In 1650, Rev. John Woodbridge had The Tenth Muse Lately Sprung Up in America composed by "A Gentlewoman from Those Parts" published in London, making Anne the first female poet ever published in both England and the New World. On July 10, 1666, their North Andover family home burned (see "Works" below) in a fire that left the Bradstreets homeless and with few personal belongings. Recent archaeological excavation may have located the site of this homestead, which had been the subject of uncertainty over the centuries. By then, Anne's health was slowly failing. She suffered from tuberculosis and had to deal with the loss of cherished relatives. But her will remained strong and as a reflection of her religious devotion and knowledge of the Bible, she found peace in the firm belief that her daughter-in-law Mercy and her grandchildren were in heaven.

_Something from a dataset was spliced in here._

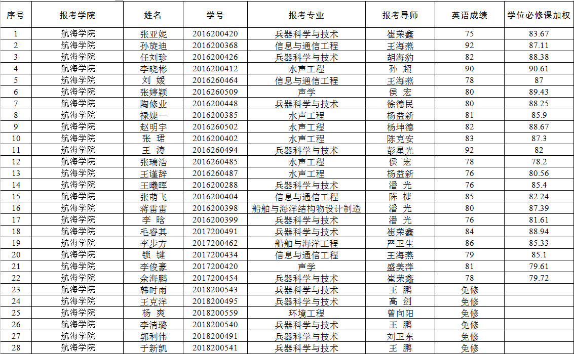 航海学院2019年硕博连读研究生资格审查通过名单公示

Anne Bradstreet died on September 16, 1672, in North Andover, Massachusetts, at the age of 60. The precise location of her grave is uncertain but many historians believe her body is in the Old Burying Ground at Academy Road and Osgood Street in North Andover. In 1676, four years after the death of Anne, Simon Bradstreet married for a second time to a woman also named Anne (Gardiner). In 1697, Simon died and was buried in Salem. This area of the Merrimack Valley is today described as "The Valley of the Poets."

A marker in the North Andover cemetery commemorates the 350th anniversary (2000) of the publishing of The Tenth Muse in London in 1650. That site and the Bradstreet Gate at Harvard, the memorial and pamphlets inside the Ipswich Public Library in Ipswich, MA, as well as the Bradstreet Kindergarten in North Andover may be the only places in America honoring her memory. The SS Anne Bradstreet, a Liberty Ship built in World War II, was named for her.

== Writing ==

===Background===
Anne Bradstreet's education gave her advantages that allowed her to write with authority about politics, history, medicine, and theology. Her personal library of books was said to have numbered over 800, although many were destroyed when her home burned down. This event itself inspired a poem titled "Upon the Burning of Our House July 10th, 1666". At first, she rejects the anger and grief that this worldly tragedy has caused her; she looks toward God and the assurance of heaven as consolation, saying:

And when I could no longer look,
I blest His grace that gave and took,
That laid my goods now in the dust.
Yea, so it was, and so 'twas just.
It was his own; it was not mine.
Far be it that I should repine.

However, in opposition to her Puritan ways, she also shows her human side, expressing the pain this event had caused her, that is, until the poem comes to its end:

Farewell my pelf; farewell my store.
The world no longer let me love
My hope, and treasure lies above.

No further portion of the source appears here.